WHAT TO WORK ON
A word-for-word reproduction of the data below is needed, with no pictures in it.

DATA SEGMENT

◆ ◆ ◆ ◆ ◆ ◆ ◆

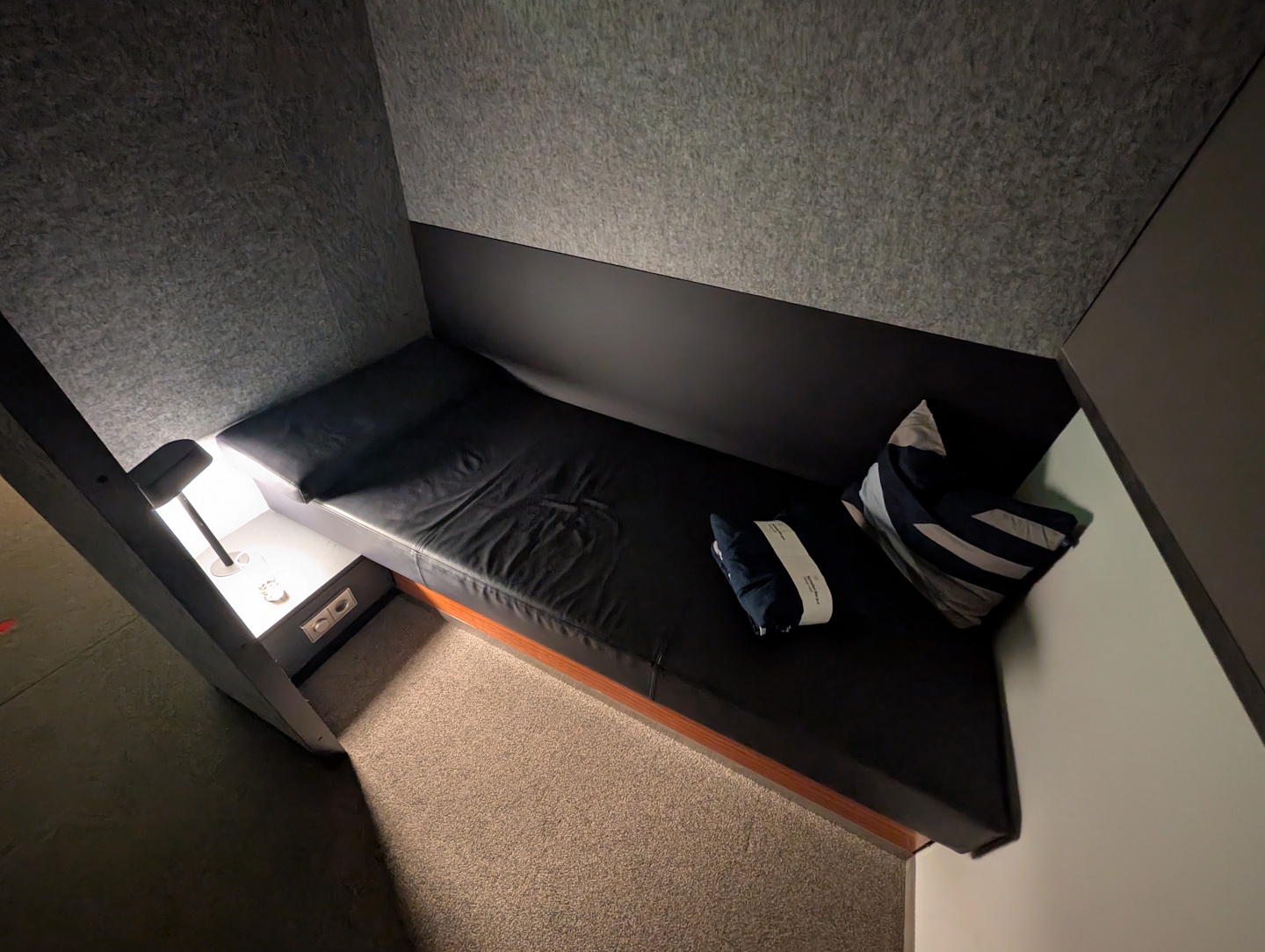 Direkt am Eingang befindet sich in der Lufthansa Senator Lounge München H auch noch ein kleiner, dunkler Ruheraum, der insgesamt vier Liegen zum Schlafen beinhaltet.
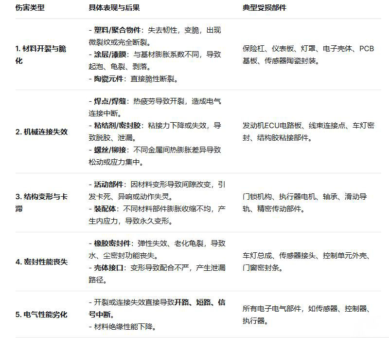 核心目的:模擬汽車配件在真實使用環(huán)境中遭遇的極端溫度驟變情況,檢驗其因材料熱脹冷縮不匹配、結(jié)構(gòu)設(shè)計缺陷等導(dǎo)致的物理失效。
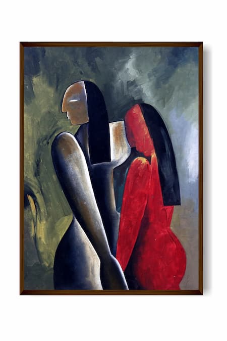 Buy_The Art House_Multi Color Canvas Handmade Abstract Human Figure Painting_Online_at_Aza_Fashions
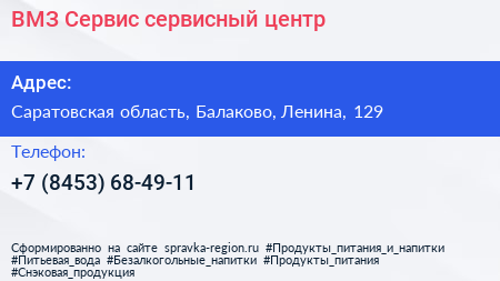 ВМЗ-Сервис, сервисный центр по адресу Саратовская область, Балаково, Ленина, 129 в дальнейшем Организация, размещена в следующих категориях:

◆ ◆ ◆ ◆ ◆ ◆ ◆

SOLUTION TO THE PROBLEM
 Direkt am Eingang befindet sich in der Lufthansa Senator Lounge München H auch noch ein kleiner, dunkler Ruheraum, der insgesamt vier Liegen zum Schlafen beinhaltet.
 核心目的:模擬汽車配件在真實使用環(huán)境中遭遇的極端溫度驟變情況,檢驗其因材料熱脹冷縮不匹配、結(jié)構(gòu)設(shè)計缺陷等導(dǎo)致的物理失效。
 Buy_The Art House_Multi Color Canvas Handmade Abstract Human Figure Painting_Online_at_Aza_Fashions
 ВМЗ-Сервис, сервисный центр по адресу Саратовская область, Балаково, Ленина, 129 в дальнейшем Организация, размещена в следующих категориях:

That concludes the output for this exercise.